# Data block:
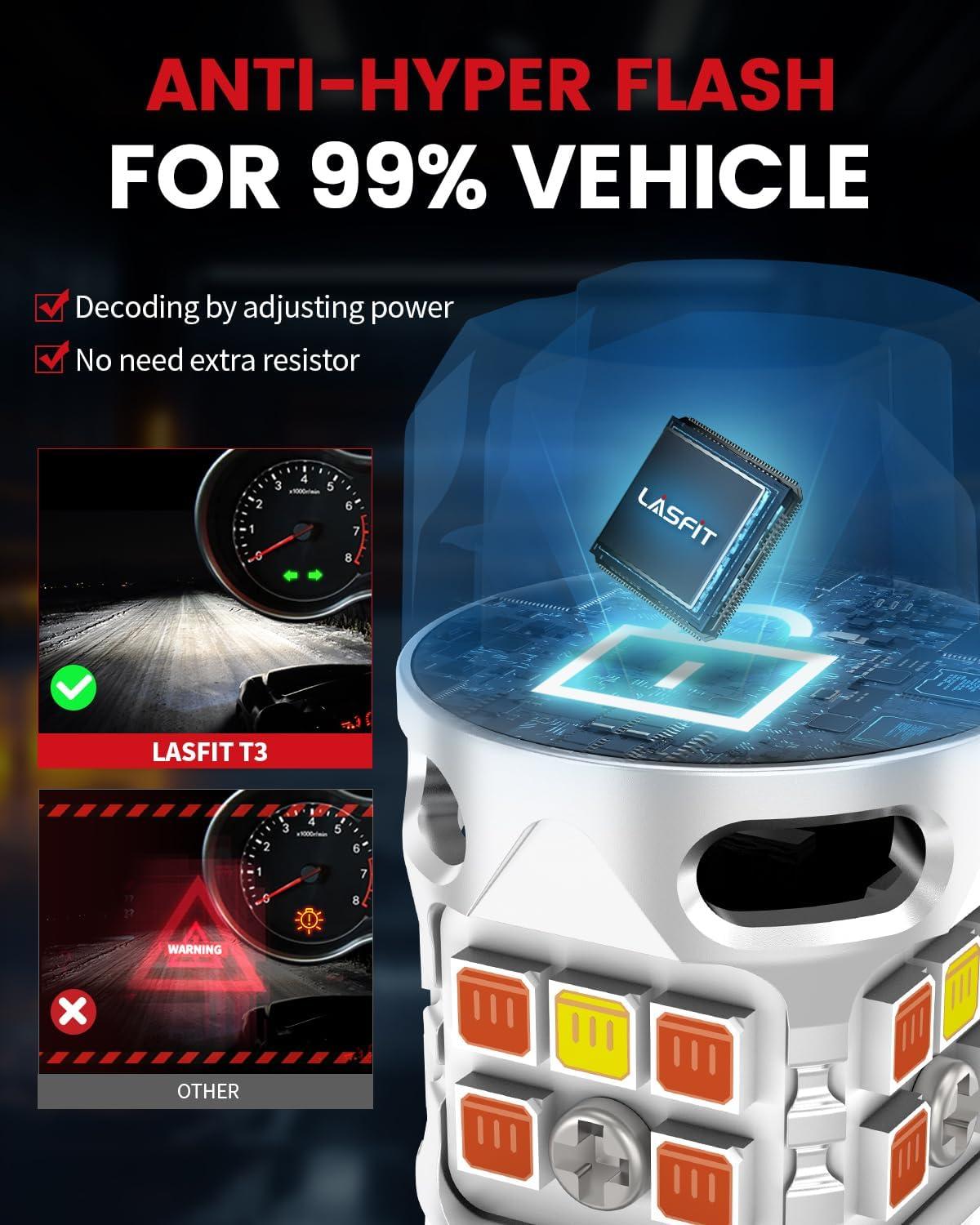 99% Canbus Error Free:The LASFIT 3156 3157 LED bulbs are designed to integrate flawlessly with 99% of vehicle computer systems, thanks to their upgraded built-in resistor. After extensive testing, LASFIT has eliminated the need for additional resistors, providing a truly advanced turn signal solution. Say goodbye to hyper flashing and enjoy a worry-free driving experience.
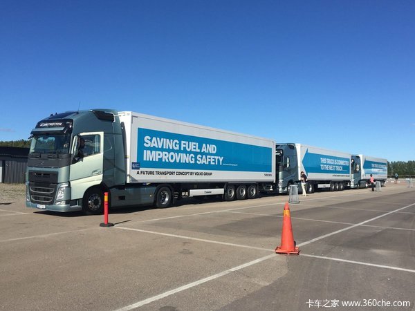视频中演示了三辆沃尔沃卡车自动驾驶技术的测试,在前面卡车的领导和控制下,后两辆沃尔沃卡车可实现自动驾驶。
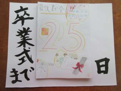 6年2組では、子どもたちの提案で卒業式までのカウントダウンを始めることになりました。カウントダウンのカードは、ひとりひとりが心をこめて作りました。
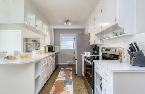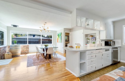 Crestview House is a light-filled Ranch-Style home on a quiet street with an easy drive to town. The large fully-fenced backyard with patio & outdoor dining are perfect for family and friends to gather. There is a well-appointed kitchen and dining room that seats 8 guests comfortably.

# Task objective:
All that is needed is the exact run of lines from the start of the material above through the one containing "6年2組では、子どもたちの提", pictures left out.

# Task result:
 99% Canbus Error Free:The LASFIT 3156 3157 LED bulbs are designed to integrate flawlessly with 99% of vehicle computer systems, thanks to their upgraded built-in resistor. After extensive testing, LASFIT has eliminated the need for additional resistors, providing a truly advanced turn signal solution. Say goodbye to hyper flashing and enjoy a worry-free driving experience.
视频中演示了三辆沃尔沃卡车自动驾驶技术的测试,在前面卡车的领导和控制下,后两辆沃尔沃卡车可实现自动驾驶。
 6年2組では、子どもたちの提案で卒業式までのカウントダウンを始めることになりました。カウントダウンのカードは、ひとりひとりが心をこめて作りました。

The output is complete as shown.